Scientists at the Oxford University say that they have invented an artificial intelligent system, which is better at lip-reading than humans, reported BBC. The system, which is called "Watch, Attend and Spell", has been created in collaboration with Google's DeepMind AI division.

According to BBC, the researchers used clips from the news channel's programmes, such as Breakfast, Newsnight, Question Time and others with subtitles aligned with the lip movements of the speakers to teach the AI. Then a neural network combining state-of-the-art image and speech recognition set to work to learn how to lip-read.

Following the examination of around 118,000 sentences in the clips, the system now has a stock of 17,500 words in its vocabulary.

Since the system has been trained with news clippings, it can easily guess some words, such as "Prime" is mostly followed by "Minister" or "Europian" by "Union" but, as of now it's not very adept at recognizing words, which are not generally spoken by newsreaders, asserted BBC.

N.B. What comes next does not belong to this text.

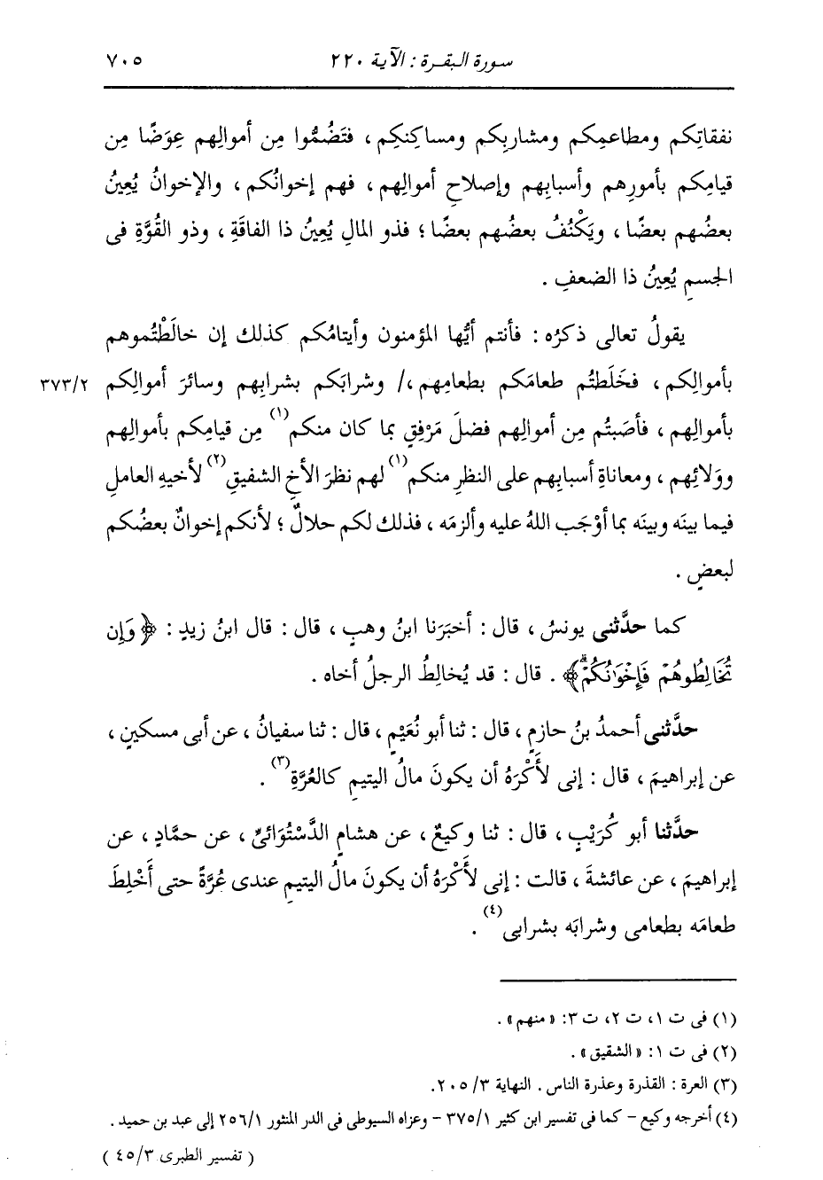 حَدَّثَنَا أَبُو كُرَيْبٍ، قَالَ: ثنا وَكِيعٌ، عَنْ هِشَامٍ الدَّسْتُوَائِيِّ، عَنْ حَمَّادٍ، عَنْ إِبْرَاهِيمَ، عَنْ عَائِشَةَ، قَالَتْ: «إِنَّى §لَأَكْرَهُ أَنْ يَكُونَ مَالُ الْيُتْمِ عِنْدِي عَلَى حِدَةٍ، حَتَّى أَخْلِطَ طَعَامَهُ بِطَعَامِي، وَشَرَابَهُ بِشَرَابِي» -[706]- فَإِنْ قَالَ لَنَا قَائِلٌ: وَكَيْفَ قَالَ {فَإِخْوَانُكُمْ} [البقرة: 220] فَرَفَعَ الْإِخْوَانَ، وَقَالَ فِي مَوْضِعٍ آخَرَ: {فَإِنْ خِفْتُمْ فَرِجَالًا أَوْ رُكْبَانًا} [البقرة: 239] . قِيلَ: لِافْتِرَاقِ مَعْنَيَيْهِمَا، وَذَلِكَ أَنَّ أَيْتَامَ الْمُؤْمِنِينَ إِخْوَانُ الْمُؤْمِنِينَ، خَالَطَهُمُ الْمُؤْمِنُونَ بِأَمْوَالِهِمْ أَوْ لَمْ يُخَالِطُوهُمْ. فَمَعْنَى الْكَلَامِ: وَإِنْ تُخَالِطُوهُمْ فَهُمْ إِخْوَانُكُمْ. وَالْإِخْوَانُ مَرْفُوعُونَ بِالْمَعْنَى الْمَتْرُوكِ ذِكْرُهُ وَهُوَ هُمْ لِدَلَالَةِ الْكَلَامِ عَلَيْهِ، وَإِنَّهُ لَمْ يُرِدْ بِالْإِخْوَانِ الْخَبَرَ عَنْهُمْ أَنَّهُمْ كَانُوا إِخْوَانًا مِنْ أَجْلِ مُخَالَطَةِ وُلَاتِهِمْ إِيَّاهُمْ. وَلَوْ كَانَ ذَلِكَ الْمُرَادَ لَكَانَتِ الْقِرَاءَةُ نَصْبًا، وَكَانَ مَعْنَاهُ حِينَئِذٍ وَإِنْ تُخَالِطُوهُمْ فَخَالِطُوا إِخْوَانَكُمْ، وَلَكِنَّهُ قُرِئَ رَفْعًا لِمَا وَصَفْتُ مِنْ أَنَّهُمْ إِخْوَانٌ لِلْمُؤْمِنِينَ الَّذِينَ يَلُونَهُمْ خَالَطُوهُمْ أَوْ لَمْ يُخَالِطُوهُمْ. وَأَمَّا قَوْلُهُ: {فَرِجَالًا أَوْ رُكْبَانًا} [البقرة: 239] فَنَصْبٌ لِأَنَّهُمَا حَالَانِ لِلْفِعْلِ غَيْرُ دَائِبَيْنِ، وَلَا يَصْلُحُ مَعَهُمَا هُوَ، وَذَلِكَ أَنَّكَ لَوْ أَظْهَرْتَ هُوَ مَعَهُمَا لَاسْتَحَالَ الْكَلَامُ. أَلَا تَرَى أَنَّهُ لَوْ قَالَ قَائِلٌ: إِنْ خِفْتَ مِنْ عَدُوِّكَ أَنْ تُصَلِّيَ قَائِمًا، فَهُوَ رَاجِلٌ أَوْ رَاكِبٌ لَبَطَلَ الْمَعْنَى الْمُرَادُ بِالْكَلَامِ؟ وَذَلِكَ أَنْ تَأْوِيلَ الْكَلَامِ: فَإِنْ خِفْتُمْ أَنْ تُصَلُّوا قِيَامًا مِنْ عَدُوِّكُمْ، فَصَلُّوا رِجَالًا أَوْ رُكْبَانًا؛ وَلِذَلِكَ نَصَبَهُ إِجْرَاءً عَلَى مَا قَبْلَهُ مِنَ الْكَلَامِ كَمَا تَقُولُ فِي نَحْوِهِ مِنَ الْكَلَامِ: إِنْ لَبِسْتَ ثِيَابًا فَالْبَيَاضَ، فَتَنْصِبُهُ لِأَنَّكَ تُرِيدُ إِنْ لَبِسْتَ ثِيَابًا فَالْبَسِ الْبَيَاضَ، وَلَسْتَ تُرِيدُ الْخَبَرَ عَنْ أَنَّ جَمِيعَ مَا يُلْبَسُ مِنَ الثِّيَابِ فَهُوَ الْبَيَاضُ، وَلَوْ أَرَدْتَ الْخَبَرَ عَنْ ذَلِكَ لَقُلْتَ: إِنْ لَبِسْتَ ثِيَابًا فَالْبَيَاضَ رَفْعًا، إِذْ كَانَ مَخْرَجُ الْكَلَامِ عَلَى وَجْهِ الْخَبَرِ مِنْكَ عَنِ اللَّابِسِ أَنَّ كُلَّ مَا -[707]- يُلْبَسُ مِنَ الثِّيَابِ فَبَيَاضٌ، لِأَنَّكَ تُرِيدُ حِينَئِذٍ: إِنْ لَبِسْتَ ثِيَابًا فَهِيَ بَيَاضٌ. فَإِنْ قَالَ: فَهَلْ يَجُوزُ النَّصْبُ فِي قَوْلِهِ: {فَإِخْوَانُكُمْ} [البقرة: 220] ؟ قِيلَ: جَائِزٌ فِي الْعَرَبِيَّةِ، فَأَمَّا فِي الْقِرَاءَةِ فَإِنَّمَا مَنَعْنَاهُ لِإِجْمَاعِ الْقُرَّاءِ عَلَى رَفْعِهِ. وَأَمَّا فِي الْعَرَبِيَّةِ فَإِنَّمَا أَجَزْنَاهُ لِأَنَّهُ يَحْسُنُ مَعَهُ تَكْرِيرُ مَا يُحْمَلُ فِي الَّذِي قَبْلَهُ مِنَ الْفِعْلِ فِيهِمَا: وَإِنْ تُخَالِطُوهُمْ فَإِخْوَانُكُمْ تُخَالِطُونَ؛ فَيَكُونُ ذَلِكَ جَائِزًا فِي كَلَامِ الْعَرَبِ

Joon Son Chung, a doctoral student at Oxford University's Department of Engineering, explained how difficult the task was to teach the AI to guess words due to homophonic words or the ones, to pronounce which the mouth usually makes similar shape – for example, the set of words like mat, pat, bat etc. It is indeed the context that helps the AI to guess what would be the suitable word for the sentence.

Surely, a lot more work needs to be done on it, but the charity Action on Hearing Loss seems pretty excited about it. "AI lip-reading technology would be able to enhance the accuracy and speed of speech to text," says Jesal Vishnuram, the charity's technology research manager. "This would help people with subtitles on TV, and with hearing in noisy surroundings," he added.

According to Chung, the system can be proved to be extremely useful in helping people to dictate instructions to their smartphones in noisy environments, dubbing old silent films, etc. In many cases, the AI lip-reading system could be used to improve the performance of other forms of speech recognition.

They are working on it to make it lip-read in real time and the researchers are positive that the system will learn quickly, as it keeps watching TV.

But, one thing the Oxford researchers and hearing loss charity is sure abot, i.e., this AI would not steal the jobs of human lip-readers but it will work alongside and help the human professional lip-readers to be more accurate, as per the report.